The Power of a Gaze

I sat on the rock at the edge of the river as the sun was setting to listen to the falls. My intention was to read, perhaps write a bit. I had both my book and notebook in hand and a pen in my backpack. I opened my book. It remained unread. I couldn’t read, I couldn’t write.

It somehow seemed disrespectful to have my head down while such beauty existed before me. This beauty deserved my gaze. No half-hearted attention. And so I breathed in the mountain air and the silence around me. Somehow, the distinct smell of the pines, the rush of the water across the rocks, the quaking of the aspens, had found a home inside my heart. It somehow does not feel as though the mountains or the trees tower over me but live with me and I with them. Muir put it this way:

“The sun shines not on us but in us. The rivers flow not past, but through us.”

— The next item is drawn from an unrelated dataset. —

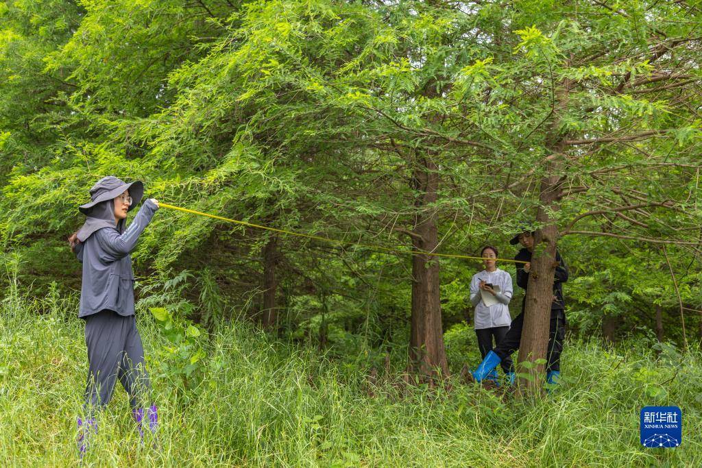 在重慶市忠縣,中國科學院成都山地所科研人員在測量三峽水庫消落帶池杉的生長情況(7月6日攝)。
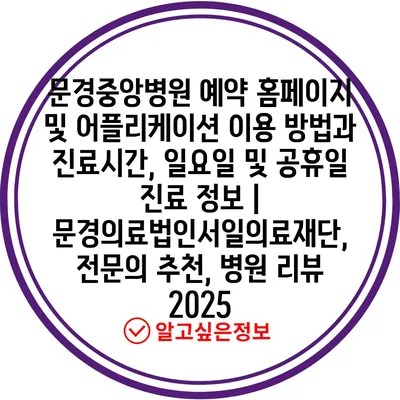 문경중앙병원 예약 홈페이지 및 어플리케이션 이용 방법과 진료시간, 일요일 및 공휴일 진료 정보 | 문경의료법인서일의료재단, 전문의 추천, 병원 리뷰 2025

I agree with him that “In every walk WITH nature, one receives far more than he seeks.” Thus, it was here, the God of the Universe began to speak to my heart.

First, He, the Father, gazes at us in just such awe. He sees me. He sees you. He is “El Roi”-the God who sees. He sees our hearts. He sees our beauty and He loves us. He sees our hearts. He sees our iniquities and He loves us. He sees our ways and counts our steps (Job 31:4). And even when we cast our gaze away from Him, He stands daily at the gate looking for us, ever desirous of restoration and relationship with us, the one He created in His image. As stunning as the wildness of His creation is, we remain His most prized possession.

Secondly, may my gaze be fixed upon Jesus as the author and completer of my faith. May I be in awe of all He is. May I, like the Psalmist, desire to gaze upon His beauty all the days of my life. (Hebrew 12:2; Psalm 27:4). For His light shines not only upon me but is meant to burn IN me. The river flowing from the throne of grace does not flow past me, but through me and takes residence in me so that very river of life flows out of me.

So, as He gazes upon me and I upon Him, may I not consider Him to be a God who is far off, separate from me, but with me and in me, a God who draws near, a God who gives more than I could dare hope or imagine.